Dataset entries
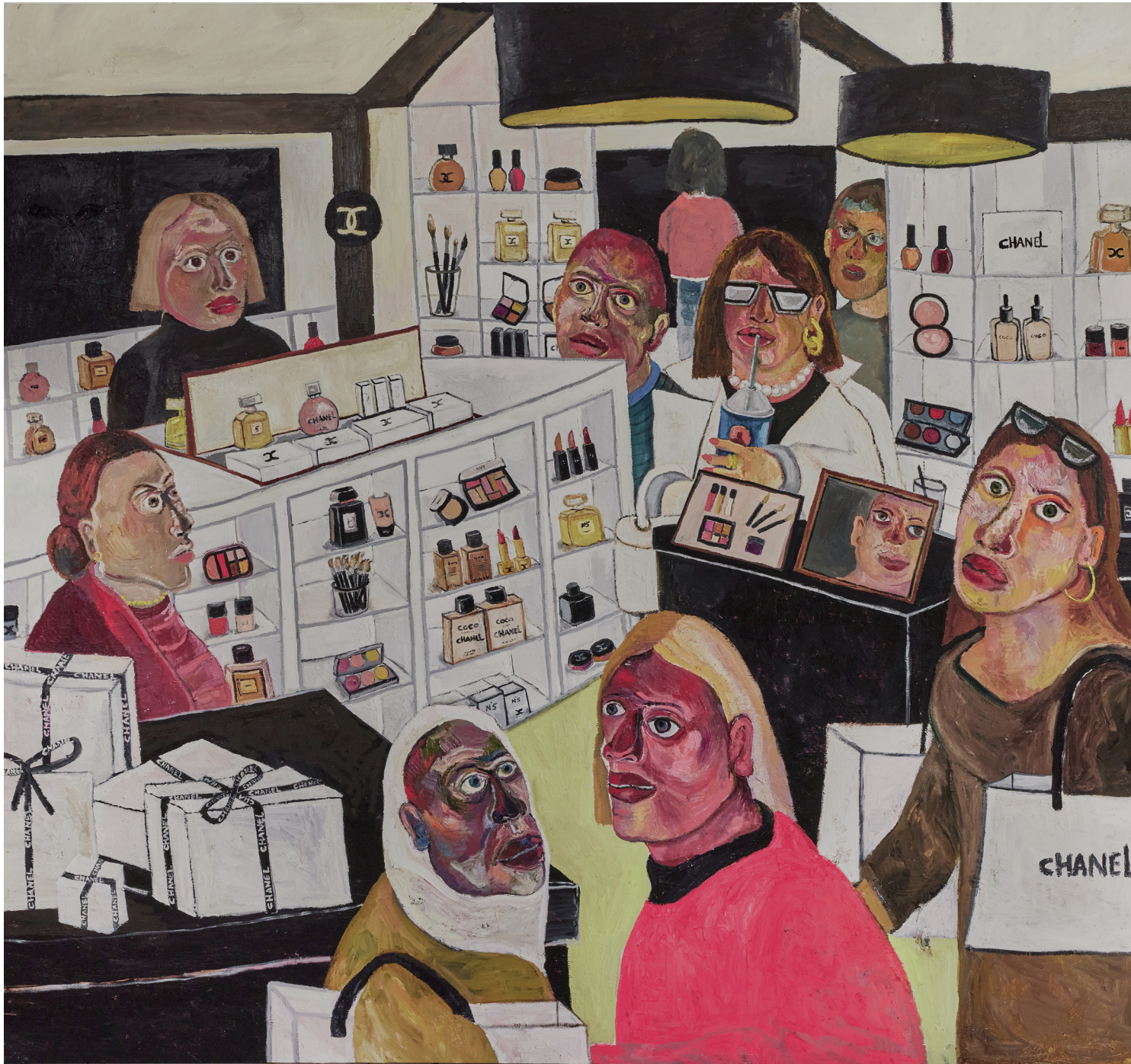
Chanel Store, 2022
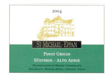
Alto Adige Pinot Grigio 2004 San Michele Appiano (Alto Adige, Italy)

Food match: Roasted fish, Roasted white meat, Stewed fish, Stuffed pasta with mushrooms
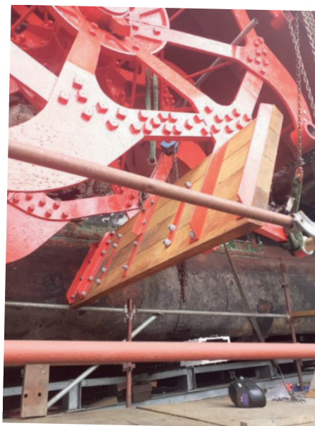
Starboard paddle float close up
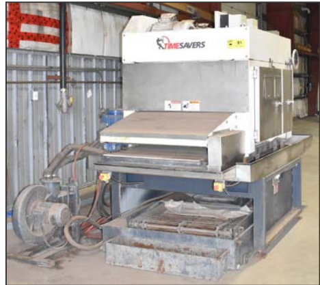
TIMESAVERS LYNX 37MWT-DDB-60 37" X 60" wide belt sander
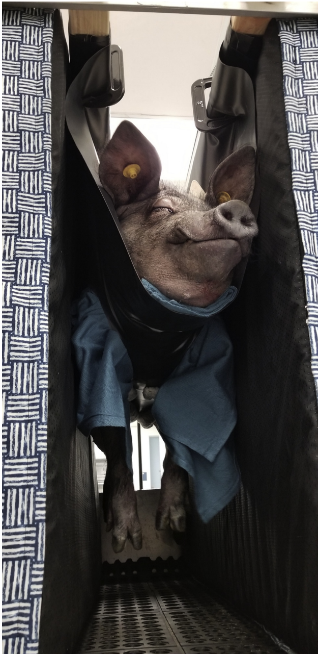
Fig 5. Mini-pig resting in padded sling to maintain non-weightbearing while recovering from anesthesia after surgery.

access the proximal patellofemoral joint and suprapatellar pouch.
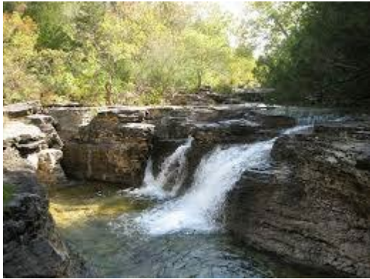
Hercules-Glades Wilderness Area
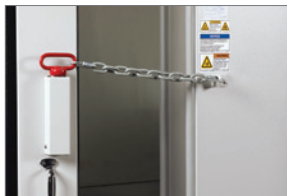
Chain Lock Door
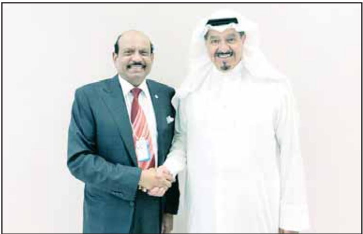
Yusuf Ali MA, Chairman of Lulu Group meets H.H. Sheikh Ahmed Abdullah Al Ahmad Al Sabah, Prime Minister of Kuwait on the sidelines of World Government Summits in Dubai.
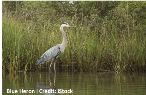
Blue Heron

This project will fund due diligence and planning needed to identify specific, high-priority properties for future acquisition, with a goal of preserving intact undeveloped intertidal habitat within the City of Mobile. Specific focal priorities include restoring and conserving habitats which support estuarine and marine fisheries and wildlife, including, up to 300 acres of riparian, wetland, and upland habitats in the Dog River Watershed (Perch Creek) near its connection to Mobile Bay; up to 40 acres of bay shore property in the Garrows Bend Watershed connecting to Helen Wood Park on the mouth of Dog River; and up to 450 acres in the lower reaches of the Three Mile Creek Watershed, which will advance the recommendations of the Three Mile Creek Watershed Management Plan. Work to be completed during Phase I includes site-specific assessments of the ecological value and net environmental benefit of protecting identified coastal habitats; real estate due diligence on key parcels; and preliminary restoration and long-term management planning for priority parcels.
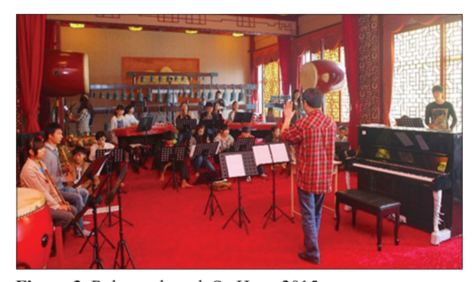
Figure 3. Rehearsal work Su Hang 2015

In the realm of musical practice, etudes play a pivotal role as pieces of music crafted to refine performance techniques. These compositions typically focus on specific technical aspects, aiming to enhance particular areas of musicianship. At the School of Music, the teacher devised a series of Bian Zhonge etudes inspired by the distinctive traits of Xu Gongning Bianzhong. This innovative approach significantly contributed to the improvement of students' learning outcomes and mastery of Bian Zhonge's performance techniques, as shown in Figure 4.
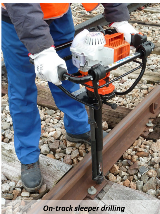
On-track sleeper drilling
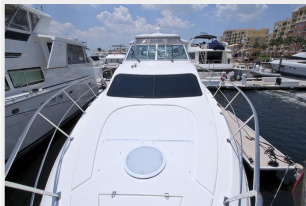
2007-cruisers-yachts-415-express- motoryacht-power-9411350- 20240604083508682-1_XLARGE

» **TASK ITEM**
What you need to produce is an exact copy of the entries above, limited to the lines from the one with "Starboard paddle float close up" up to and including the one with "Figure 3. Rehearsal work Su Hang 2015", without pictures.

» **EXERCISE RESPONSE**
Starboard paddle float close up
TIMESAVERS LYNX 37MWT-DDB-60 37" X 60" wide belt sander
Fig 5. Mini-pig resting in padded sling to maintain non-weightbearing while recovering from anesthesia after surgery.

access the proximal patellofemoral joint and suprapatellar pouch.
Hercules-Glades Wilderness Area
Chain Lock Door
Yusuf Ali MA, Chairman of Lulu Group meets H.H. Sheikh Ahmed Abdullah Al Ahmad Al Sabah, Prime Minister of Kuwait on the sidelines of World Government Summits in Dubai.
Blue Heron

This project will fund due diligence and planning needed to identify specific, high-priority properties for future acquisition, with a goal of preserving intact undeveloped intertidal habitat within the City of Mobile. Specific focal priorities include restoring and conserving habitats which support estuarine and marine fisheries and wildlife, including, up to 300 acres of riparian, wetland, and upland habitats in the Dog River Watershed (Perch Creek) near its connection to Mobile Bay; up to 40 acres of bay shore property in the Garrows Bend Watershed connecting to Helen Wood Park on the mouth of Dog River; and up to 450 acres in the lower reaches of the Three Mile Creek Watershed, which will advance the recommendations of the Three Mile Creek Watershed Management Plan. Work to be completed during Phase I includes site-specific assessments of the ecological value and net environmental benefit of protecting identified coastal habitats; real estate due diligence on key parcels; and preliminary restoration and long-term management planning for priority parcels.
Figure 3. Rehearsal work Su Hang 2015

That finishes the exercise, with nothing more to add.